What needs to be done —
Although the data below contains pictures, please reproduce only its words, exactly.

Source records
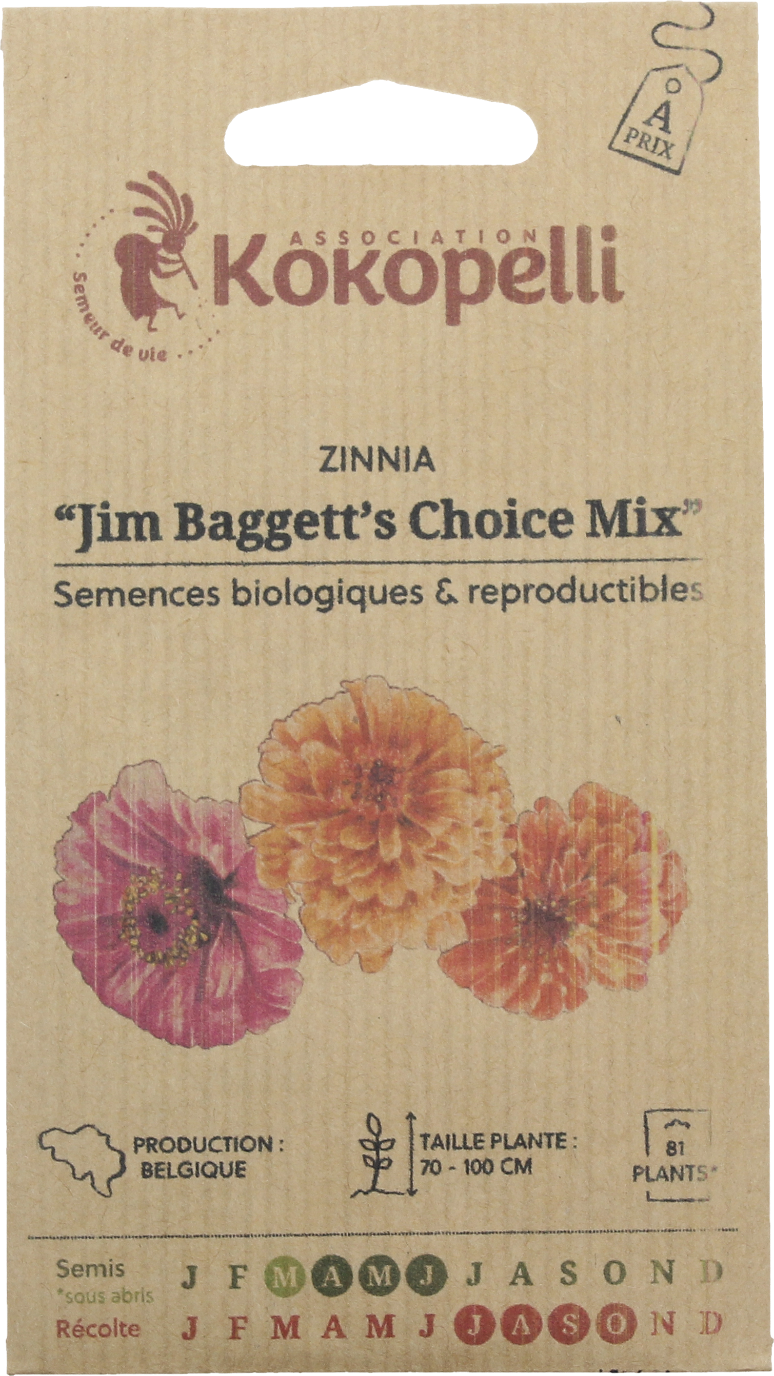 Kokopelli Bio Zinnie "Jim Baggett’s Choice Mix", 100 Korn
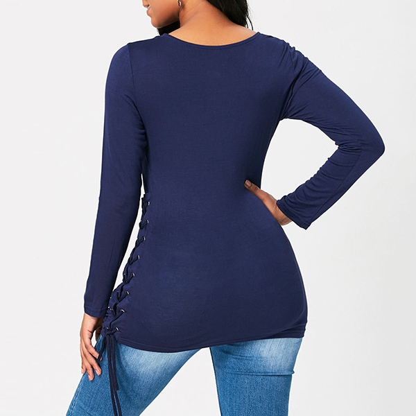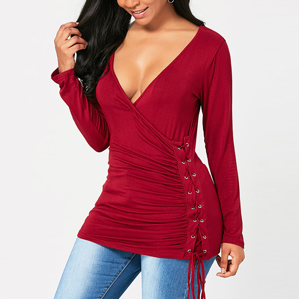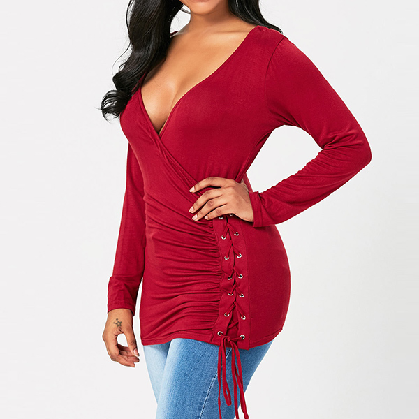 Easy to achieve for a cozy yet sexy style with this t-shirt! Boasts a solid color,finished with long sleeve,deep v-neck
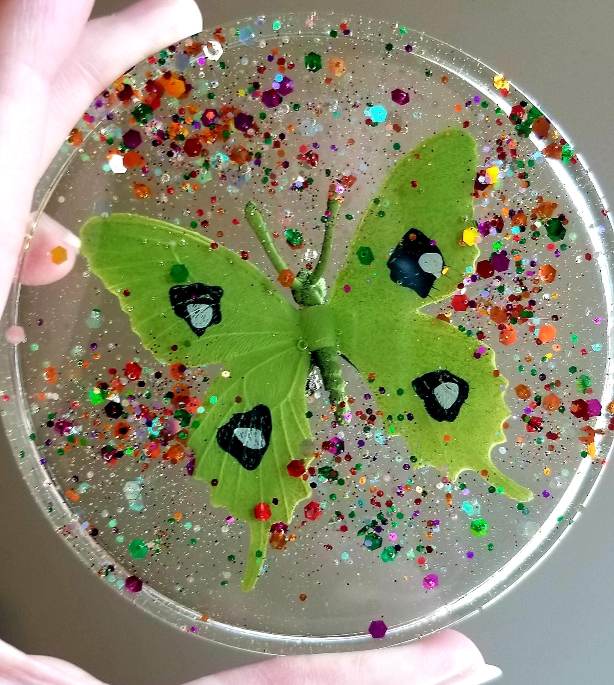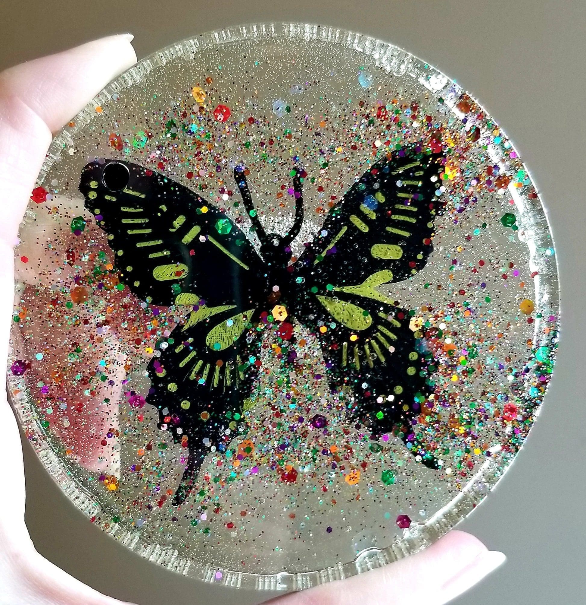 Each coaster is lovingly handcrafted to capture the grace and elegance of these beloved creatures, featuring intricate butterfly motifs adorned with vibrant rainbow hues of glitter.
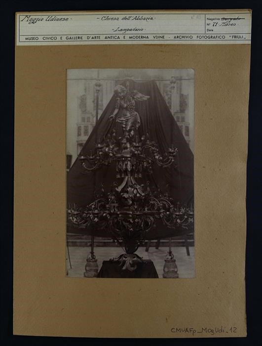 Moggio Udinese, abbazia di San Gallo: lampadario settecentesco in ferro battuto, legno intagliato e lamina d'oro. Sono presenti un putto, decorazioni fitomorfe, fregi e steli.
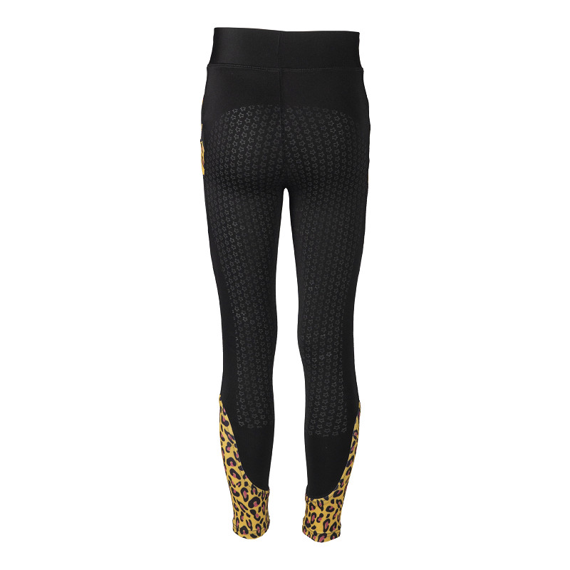 Junior riding legging with leopard print on ankles and thigh pockets.

Task output —
 Kokopelli Bio Zinnie "Jim Baggett’s Choice Mix", 100 Korn
 Easy to achieve for a cozy yet sexy style with this t-shirt! Boasts a solid color,finished with long sleeve,deep v-neck
 Each coaster is lovingly handcrafted to capture the grace and elegance of these beloved creatures, featuring intricate butterfly motifs adorned with vibrant rainbow hues of glitter.
 Moggio Udinese, abbazia di San Gallo: lampadario settecentesco in ferro battuto, legno intagliato e lamina d'oro. Sono presenti un putto, decorazioni fitomorfe, fregi e steli.
 Junior riding legging with leopard print on ankles and thigh pockets.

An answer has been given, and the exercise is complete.